Statistical analysis
Quantitative parameters were reported as mean and standard deviation for uniformly distributed data, while nonuniformly distributed data were described as the median and interquartile range (IQR). Qualitative parameters were reported as absolute numbers and percentages. For comparative analysis between the three groups (grades 0, 1, and 2 of immunocompromise), we used the ANOVA test for uniformly distributed quantitative samples and the Kruskal–Wallis H test for nonuniformly distributed ones. Regarding categorical qualitative data, Pearson’s Chi-square test and Fisher’s exact test were used, where appropriate. Differences were considered statistically significant where the p-value was < 0.05. Statistical analysis was conducted using XLSTAT software (Addinsoft, XLSTAT statistical and data analysis solution. Paris, France. https://www.xlstat.com, 2021).
Results
Data from 482 patients with acute diverticulitis were analyzed: 229 patients (47.5%) underwent medical therapy [M: F = 1:1; median age: 60 (24–95) years] (Group A), while 253 patients (52.5%) received surgical treatment [M:F = 1:1; median age: 71 (26–94) years] (Group B). In group A, 160 patients presented with grade 0 (69.9%), 61 with grade 1 (26.6%), and eight with grade 2 (3.5%). In group B, 97 patients presented with grade 0 (38.3%), 129 with grade 1 (51%), and 27 with grade 2 (10.7%) (p < 0.00001).
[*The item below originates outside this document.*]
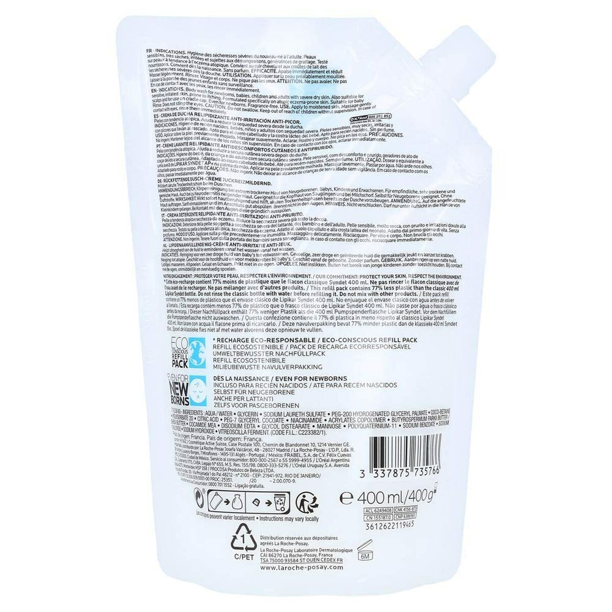 La Lipikar Syndet AP+ de La Roche Posay es una crema de ducha desarrollada especialmente para cuidar y limpiar la piel sensible y atópica, respetando su equilibrio natural gracias a una fórmula relipidizante. Este producto, fabricado en Francia, destaca por su textura en gel-crema de color blanco, fácil de aplicar y de aclarar, proporcionando una limpieza suave sin resecar la piel. Su capacidad de 400 ml asegura un uso prolongado tanto en el ámbito familiar como individual, y su formato recarga contribuye a un packaging sostenible, comprometiéndose con el respeto al medio ambiente. Entre sus ingredientes principales, se encuentran Polysorbate 20, Sodium benzoate y Sodium chloride, seleccionados para su compatibilidad con pieles delicadas y su capacidad de limpiar eficazmente sin alterar la barrera cutánea. El producto es apto para uso unisex y no contiene protección solar, orientándose exclusivamente a la higiene específica de pieles muy secas o con tendencia atópica. La Lipikar Syndet AP+ es una opción fiable y dermatológicamente recomendada para quienes buscan mantener la piel hidratada y protegida a diario a través de una rutina de higiene suave.

The characteristics and clinical presentation of group A are described in Table 2. Mean age was significantly different among subgroups of immunocompromised patients (76.3 ± 10.2 years, 64.6 ± 12.9 years, and 51.8 ± 10.3 years, respectively; p < 0.0001). The same was true for female sex distribution [74 (46.25%), 39 (63.9%), and 3 (37.5%), respectively; p = 0.046], BMI (25.6 ± 3.5 kg/m2, 26.8 ± 3.8 kg/m2, and 23.5 ± 3.4 kg/m2; p = 0.014), ASA score [2 (IQR, 3–1), 3 (IQR, 4–1), and 3 (IQR, 4–2), respectively; p < 0.0001]. Severe sepsis with organ dysfunction occurred in 12.5% of severely immunocompromised patients, 4.9% of mildly to moderately immunocompromised patients, and none of the immunocompetent patients (p = 0.027). There were no significant differences between the three subgroups regarding qSOFA score > 2. In group A, the distribution according to the Hinchey classification showed no significant differences among the three subgroups (Table 3). No significant differences were found among the subgroups in terms of days between symptom onset and diagnosis and hours between diagnosis and treatment (Table 4). Both immunocompetent and mildly to moderately immunocompromised patients had more frequent percutaneous drainage (4.4% and 6.6%, respectively) than the severely immunocompromised patients (0%) (p = 0.035). Patients with grade 2 had a longer period of hospitalization [median value of 8 (IQR, 13–6) days] when compared with grades 1 and 0 [median values of 7 (IQR, 24–2) days and 6 (IQR, 28–1) days, respectively; p = 0.005].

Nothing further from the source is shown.